What you have to do = Leaving out all pictures, write down exactly the lines from the one containing "绿茵信仰在今天9月21日正式" through the last line of the material.

Collected material =

=== Begin Enclosure ===

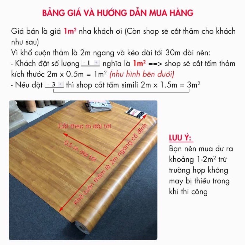- Khách đặt số lượng 1 lần nghĩa là 1m2, thì shop sẽ cắt tấm simili 2m x 0.5 = 1m2
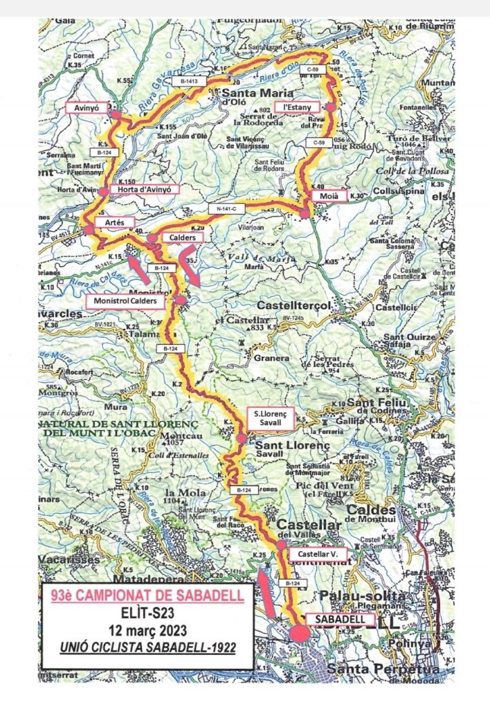 Por su parte, como es habitual, la matinal del domingo 12 de marzo se repetirá ubicación con el 93 Campeonato de Sabadell , la segunda prueba de la historia del calendario ciclista catalán con más ediciones disputadas después de la Vuelta Ciclista a Cataluña, que añadirá aún más dureza con un recorrido de 130,8 kilómetros y más de 1.600 metros de desnivel acumulado, con el ascenso de inicio al Collet de Lligabosses, para después dirigirse a Monistrol de Calders, Calders, Artés, Aviñón, Raval de la Rovirola, L’Estany, Moià y vuelta por Calders, Monistrol y un ascenso final a Lligabosses para volver a Sabadell por Sant Llorenç Savall y Castellar del Vallès.
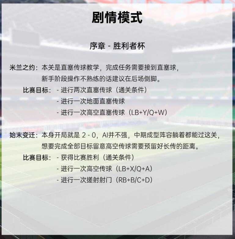 绿茵信仰在今天9月21日正式开启全平台公测了,相信很多热爱足球游戏的玩家都已经下载好等待游戏开服了,游戏里除了pvp模式之外,还有剧情模式,剧情模式用来解锁一些功能和等级,那么具体有哪些剧情关卡呢?iefans小编今天就为大家详细介绍一下。
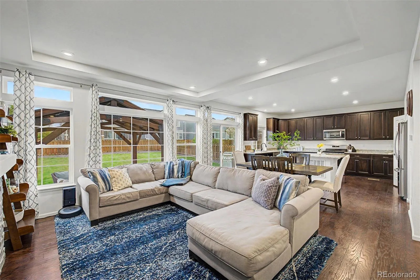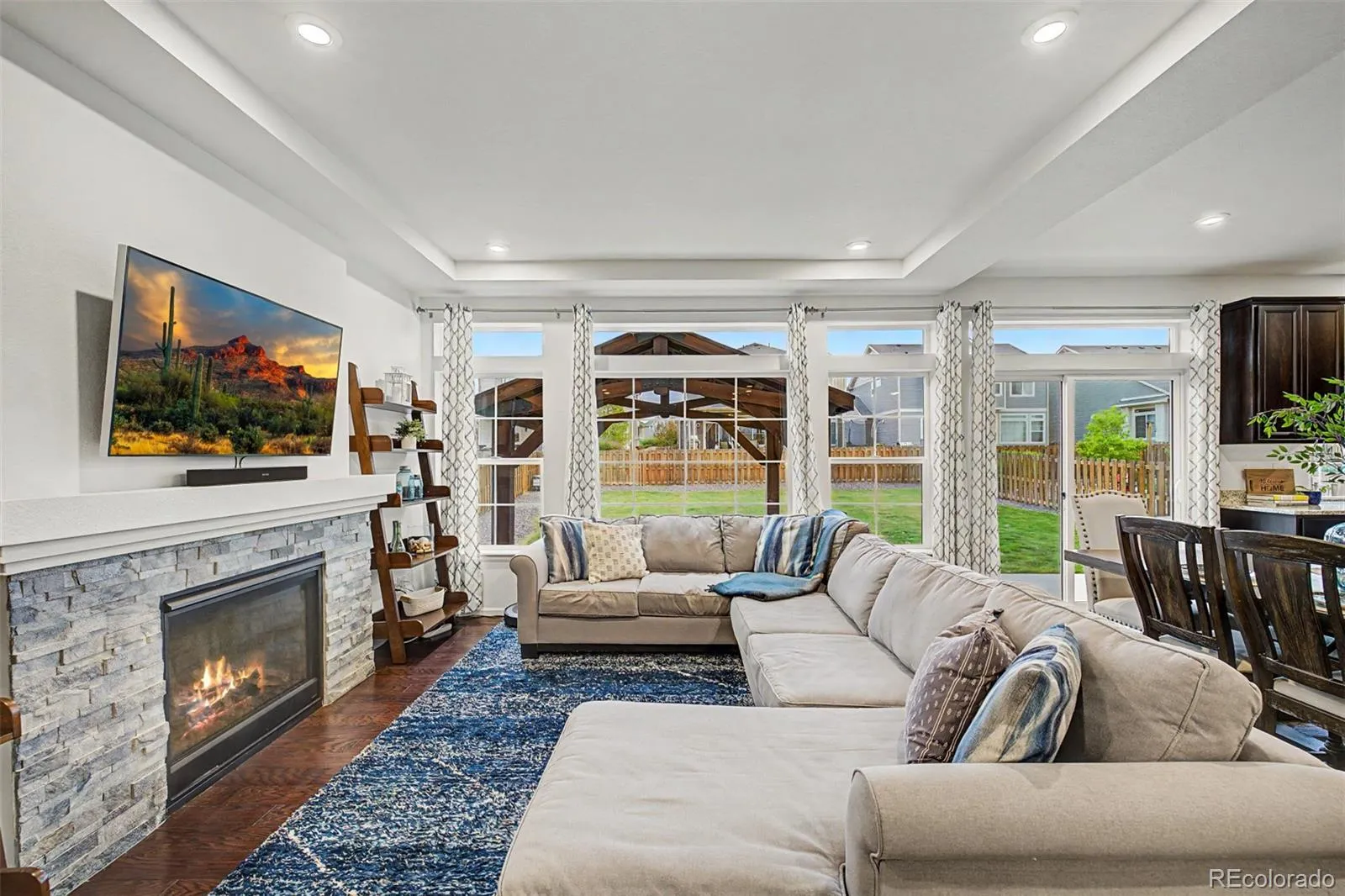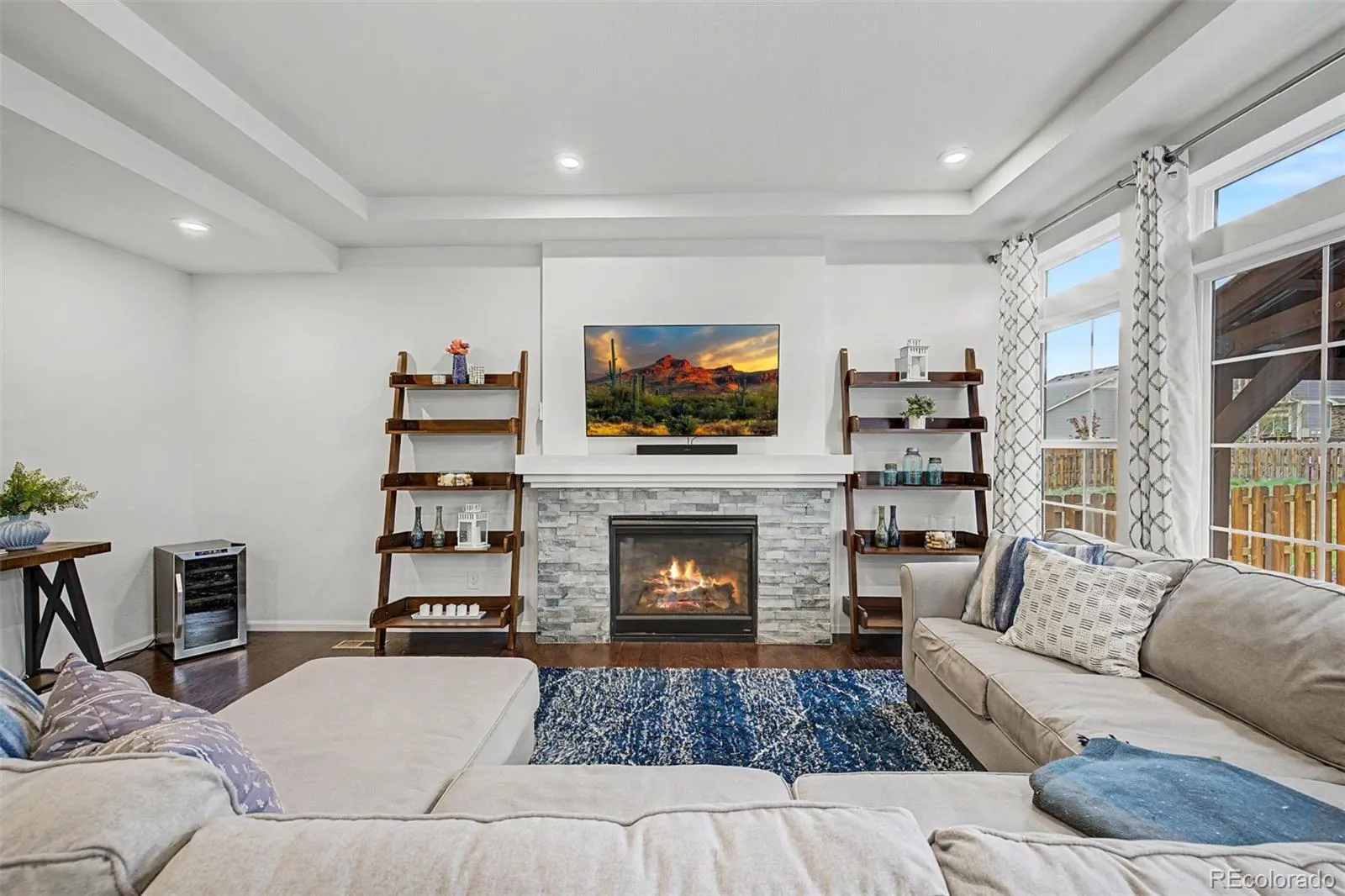 Step into a bright, open-concept layout filled with natural light and expansive windows (as highlighted throughout the home ), complemented by rich flooring, neutral tones, and elegant tray ceilings. The inviting living room features a cozy fireplace with built-in blower, designed to efficiently heat the space while creating a warm atmosphere.

=== End Enclosure ===

Answer box =
 绿茵信仰在今天9月21日正式开启全平台公测了,相信很多热爱足球游戏的玩家都已经下载好等待游戏开服了,游戏里除了pvp模式之外,还有剧情模式,剧情模式用来解锁一些功能和等级,那么具体有哪些剧情关卡呢?iefans小编今天就为大家详细介绍一下。
 Step into a bright, open-concept layout filled with natural light and expansive windows (as highlighted throughout the home ), complemented by rich flooring, neutral tones, and elegant tray ceilings. The inviting living room features a cozy fireplace with built-in blower, designed to efficiently heat the space while creating a warm atmosphere.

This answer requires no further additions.